▶ _YOUR OBJECTIVE_
Repeat every line of the listing below exactly, minus the pictures.

▶ _THE DATA_
----------

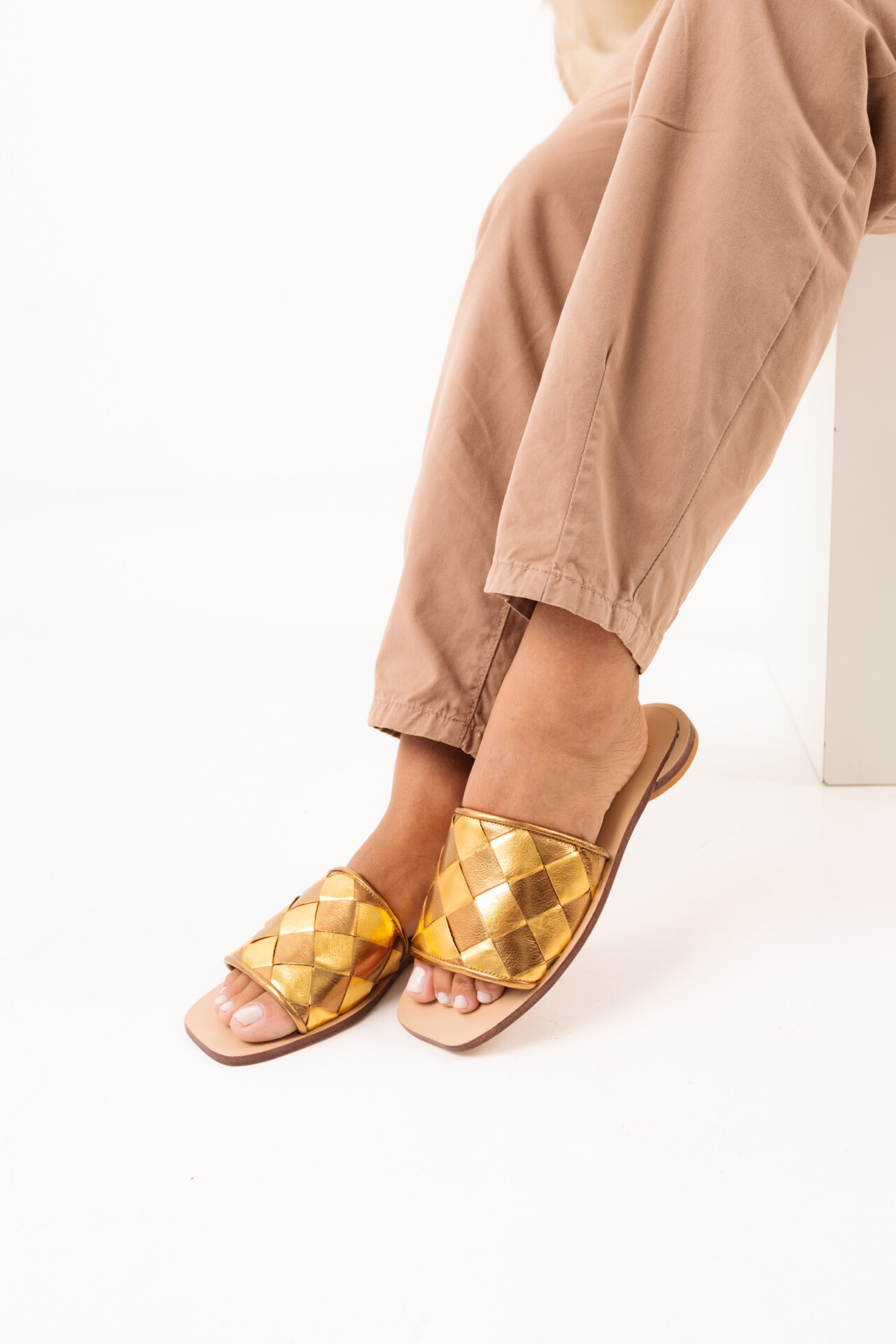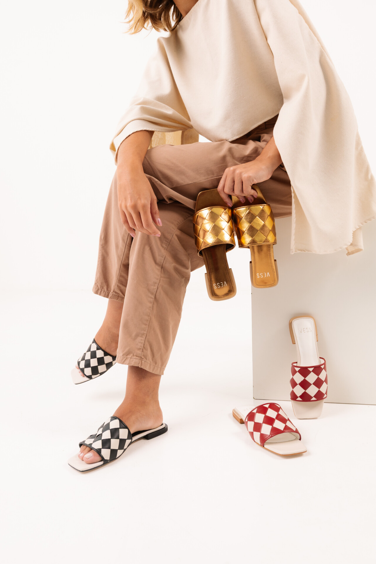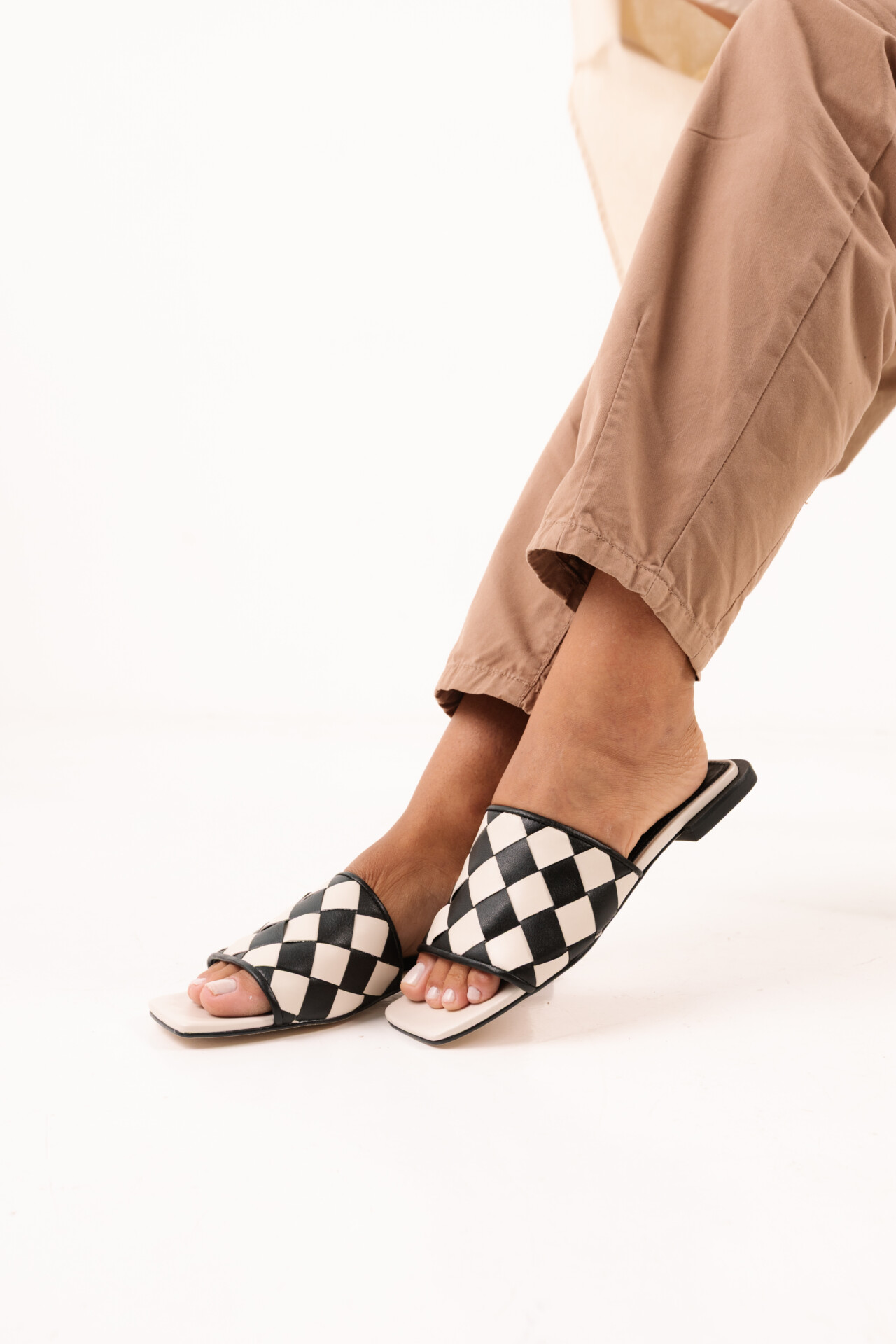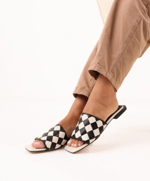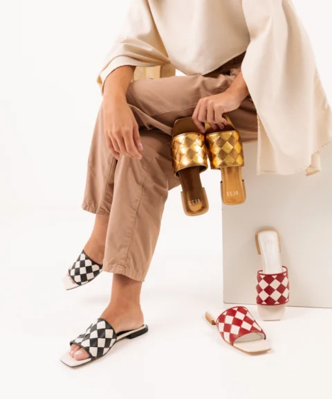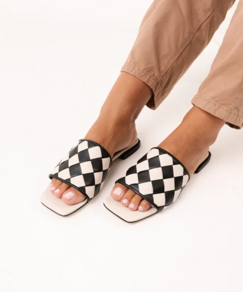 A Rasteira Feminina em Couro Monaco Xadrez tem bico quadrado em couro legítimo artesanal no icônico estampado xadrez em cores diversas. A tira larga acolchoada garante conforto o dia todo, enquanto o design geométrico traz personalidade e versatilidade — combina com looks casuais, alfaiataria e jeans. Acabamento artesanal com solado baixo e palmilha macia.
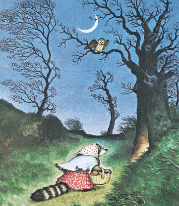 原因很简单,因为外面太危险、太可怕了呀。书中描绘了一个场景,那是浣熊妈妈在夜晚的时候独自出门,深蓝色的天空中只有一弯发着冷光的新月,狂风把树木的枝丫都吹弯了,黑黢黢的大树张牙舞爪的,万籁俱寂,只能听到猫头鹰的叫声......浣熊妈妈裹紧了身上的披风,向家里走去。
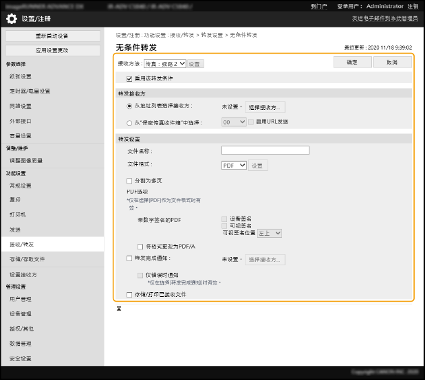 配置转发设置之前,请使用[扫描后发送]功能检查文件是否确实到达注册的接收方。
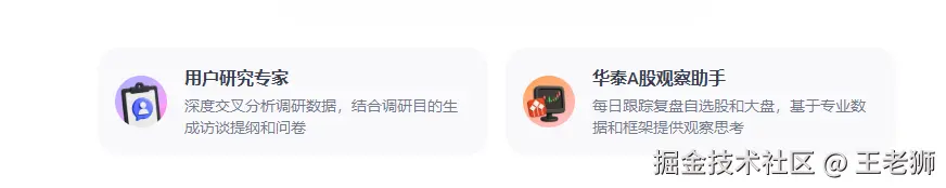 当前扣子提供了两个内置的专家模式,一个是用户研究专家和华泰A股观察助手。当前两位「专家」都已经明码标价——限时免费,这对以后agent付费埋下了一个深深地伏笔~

----------

▶ _WRITTEN RESPONSE_
 A Rasteira Feminina em Couro Monaco Xadrez tem bico quadrado em couro legítimo artesanal no icônico estampado xadrez em cores diversas. A tira larga acolchoada garante conforto o dia todo, enquanto o design geométrico traz personalidade e versatilidade — combina com looks casuais, alfaiataria e jeans. Acabamento artesanal com solado baixo e palmilha macia.
 原因很简单,因为外面太危险、太可怕了呀。书中描绘了一个场景,那是浣熊妈妈在夜晚的时候独自出门,深蓝色的天空中只有一弯发着冷光的新月,狂风把树木的枝丫都吹弯了,黑黢黢的大树张牙舞爪的,万籁俱寂,只能听到猫头鹰的叫声......浣熊妈妈裹紧了身上的披风,向家里走去。
 配置转发设置之前,请使用[扫描后发送]功能检查文件是否确实到达注册的接收方。
 当前扣子提供了两个内置的专家模式,一个是用户研究专家和华泰A股观察助手。当前两位「专家」都已经明码标价——限时免费,这对以后agent付费埋下了一个深深地伏笔~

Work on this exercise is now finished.